Use P Modifiers When Measure Isn't Met
If a patient's condition mirrors one of the PQRI measures, but the physician does not meet all the treatment requirements during the visit, you can still report the encounter to PQRI. Just remember to append a P modifier to the Category II code, says Lane.These modifiers, which explain to Medicare why the physician did not meet the PQRI measure, are:• 1P --" Measure not met for medical reasons
• 2P --" Patient declined treatment associated with measure
• 3P --" Measure not met for system reasons
• 8P --" Measure not met, reason not specified.
Example:
Let's say a 69-year-old Medicare patient presents to the internist with syncope. PQRI measure 55 calls for the physician to perform a 12-lead electrocardiogram (EKG or ECG) on all patients over 60 with syncope to qualify for PQRI. If your physician did not perform an ECG at that visit, you would still use a PQRI code, but you would also need a modifier to indicate the ECG was not performed.So if notes indicate a level-three E/M service, and that the patient refused the ECG for financial reasons, you would report the following:
• 99213 for the E/M
• 780.2 (Syncope and collapse) for the syncope
• 3120F (12-lead ECG performed [EM]) for the PQRI measure
• modifier 2P appended to 3120F to show why the EKG was not performed.

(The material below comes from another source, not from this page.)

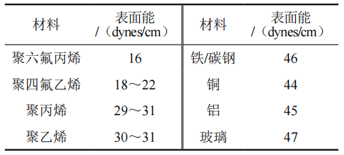 通過(guò)對油田管道內壁結垢機理[3]的研究發(fā)現,降低管道材料的表面能可以減輕輸油管道內壁的結垢程度。通常極性金屬材料的表面能很高,非極性材料的表面能低。因此,具有低表面能的高分子聚烯烴材料成為首選(表 1)。
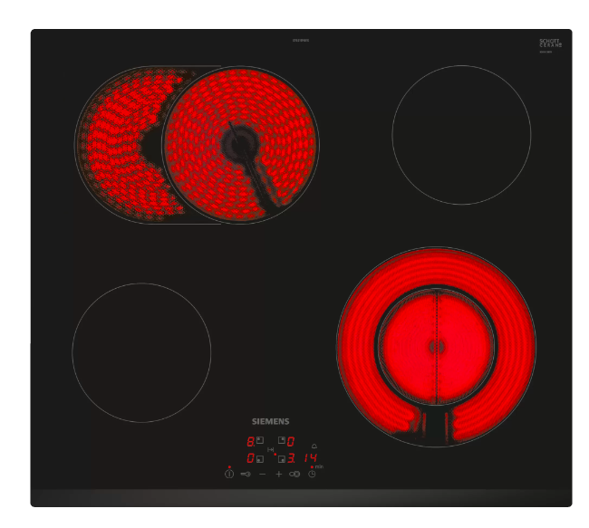 Místo i pro velké pánve a hrnce díky dvouokruhové varné zóně o průměru 21 cm.

Use This CMS Resource for All Your PQRI Needs
Wondering how to get started on PQRI? Go to www.cms.hhs.gov/PQRI and familiarize yourself with the guidelines for PQRI reporting. You might want to bookmark this site, because it contains an overview of the program and links to resources you might find useful, such as the "PQRI Tool Kit."
Best bet:
Refer back to this Web site when you have questions about PQRI; it is the definitive source of PQRI information.